Batch System Support and Coordination

Batch System Support is a community driven effort by those that require CE adaption for a specific batch system. This aim of this page is to be a focal point for these activities. It links to information for system administrators trying to grid-enable their farm, and also contains a general "How To" for adaption the CE to a specific batch systems.

Supported CEs

There is support for LCG-CE and CREAM. There is a transition plan to replace LCG-CE with CREAM, which includes certain acceptance criteria related to batch system integration.

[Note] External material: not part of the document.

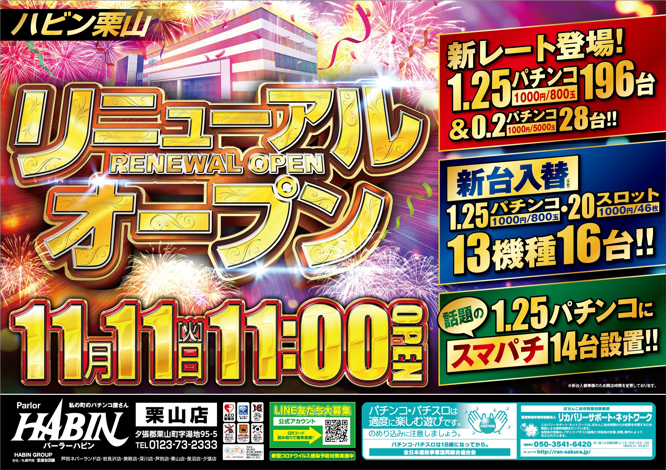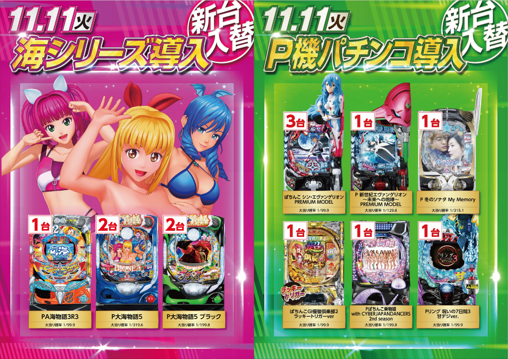 | 稼働台数 | パチンコ224台 / パチスロ112台 |

See the status page of batch system support on CREAM.

Notes on parameter passing

See the plans for ParameterPassing to the batch system.

Torque batch system

Torque integration in general is maintained by NIKHEF within SA3.

Torque integration with blah is maintained by INFN within SA3.

Condor batch system

The e-mail list of the Condor batch system group is

project-eu-egee-batchsystem-condor@cernNOSPAMPLEASE.ch

You can subscribe yourself through the SIMBA interface. (http://simba.cern.ch)

Condor integration is maintained by IFAE (PIC) within SA3.

lcg-CE or creamCE

Installation instructions for condor

Queue simulation

Queue simulation instructions for Condor

SGE batch system

Check Current status of the implementation of SGE wiki page.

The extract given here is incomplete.